Collected data -
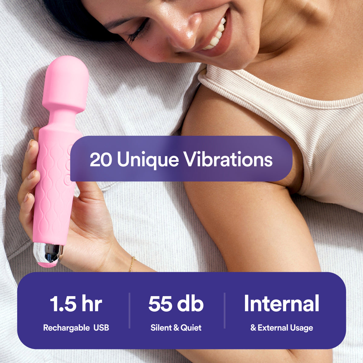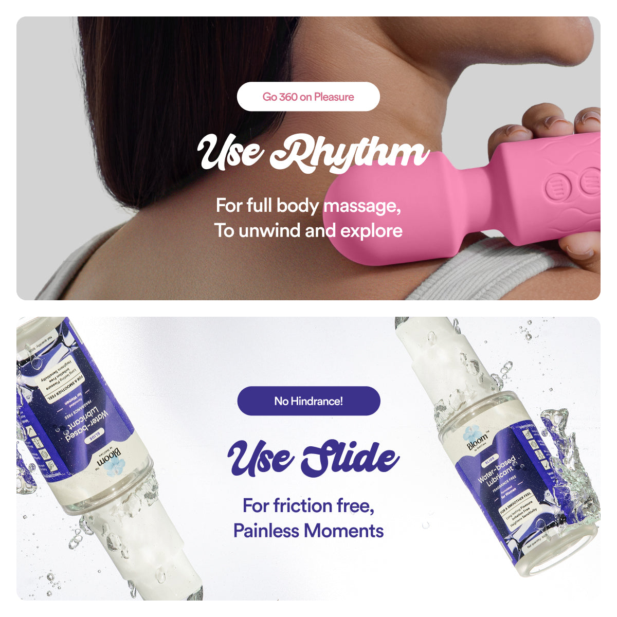Rhythm is designed to used in multiple ways so that you can indulge in self-care without any hinderance. However the shape, size and vibrations of Rhythm are specially crafted to give targeted stimulation for full body massage.
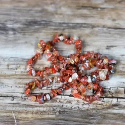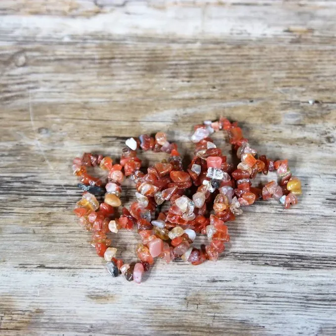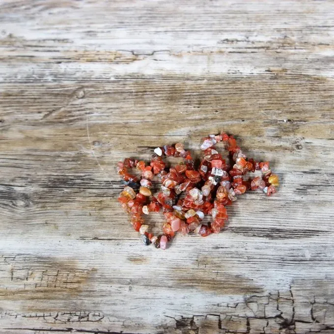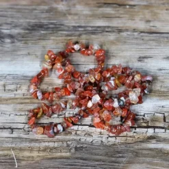 Deze ketting bestaat uit kleine stukjes carneool. Carneool wordt al millennia gebruikt om sieraden van te maken en het is een natuurlijke kwarts. Vanwege de lage prijs van carneool maar de luxe uitstraling kan het goed worden gebruikt als semi-edelsteen voor historische reconstructies in plaats van het duurdere amber. Het dragen van carneool zou de drager succes brengen, helpt tegen depressie, ruzie en geeft motivatie en zelfvertrouwen.
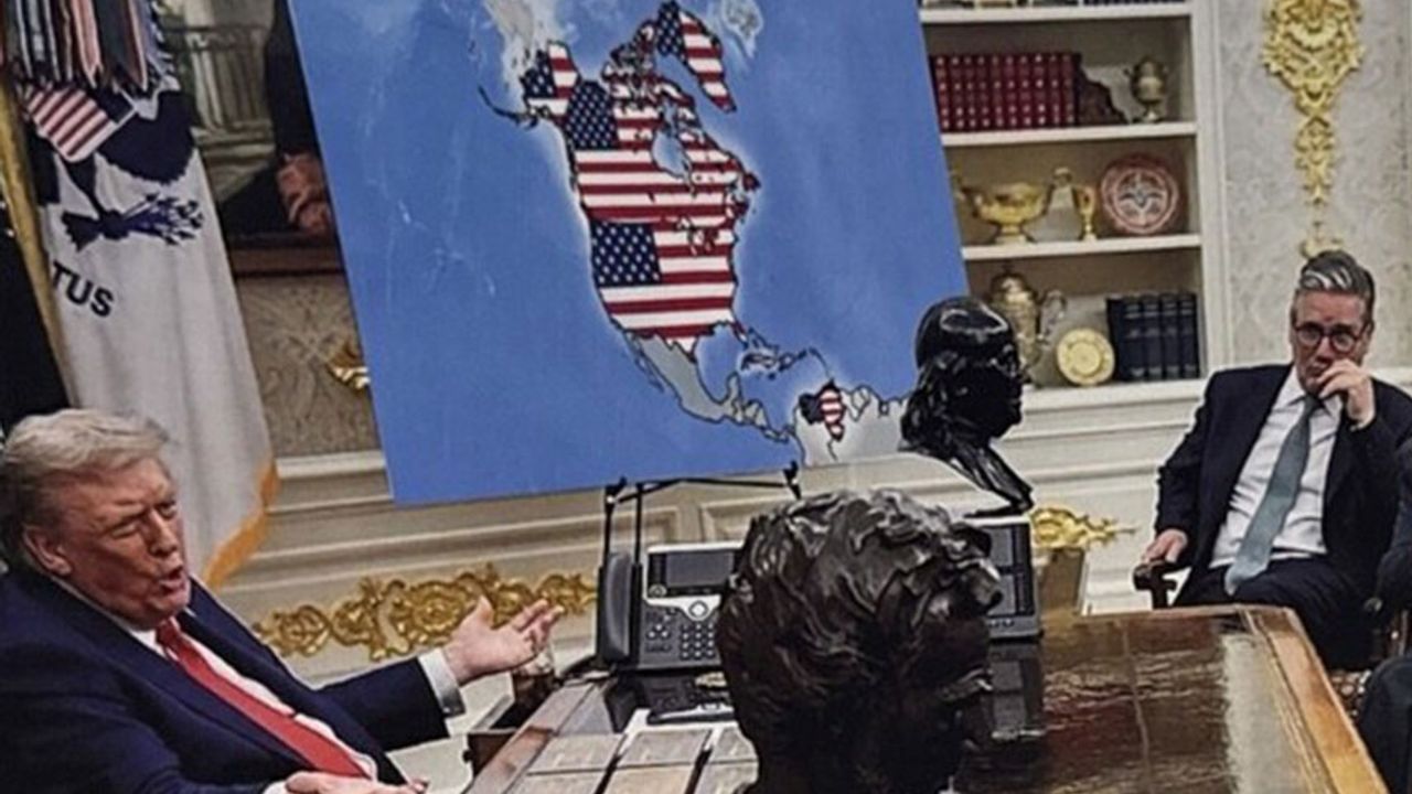 ABD Başkanı Donald Trump, sanal medya hesabından Grönland ve Kanada'yı ABD'nin bir parçası olarak gösteren harita paylaştı. Paylaşımda, Trump'ın Oval Ofis'te, aralarında Fransa Cumhurbaşkanı Emmanuel Macron, İtalya Başbakanı Giorgia Meloni, İngiltere Başbakanı Keir Starmer ve Avrupa Komisyonu Başkanı Ursula von der Leyen'in de bulunduğu NATO liderleriyle oturduğu görülüyor.

Work order -
Once the pictures are dropped, please print every remaining line of the material verbatim.

Answer box -
Rhythm is designed to used in multiple ways so that you can indulge in self-care without any hinderance. However the shape, size and vibrations of Rhythm are specially crafted to give targeted stimulation for full body massage.
 Deze ketting bestaat uit kleine stukjes carneool. Carneool wordt al millennia gebruikt om sieraden van te maken en het is een natuurlijke kwarts. Vanwege de lage prijs van carneool maar de luxe uitstraling kan het goed worden gebruikt als semi-edelsteen voor historische reconstructies in plaats van het duurdere amber. Het dragen van carneool zou de drager succes brengen, helpt tegen depressie, ruzie en geeft motivatie en zelfvertrouwen.
 ABD Başkanı Donald Trump, sanal medya hesabından Grönland ve Kanada'yı ABD'nin bir parçası olarak gösteren harita paylaştı. Paylaşımda, Trump'ın Oval Ofis'te, aralarında Fransa Cumhurbaşkanı Emmanuel Macron, İtalya Başbakanı Giorgia Meloni, İngiltere Başbakanı Keir Starmer ve Avrupa Komisyonu Başkanı Ursula von der Leyen'in de bulunduğu NATO liderleriyle oturduğu görülüyor.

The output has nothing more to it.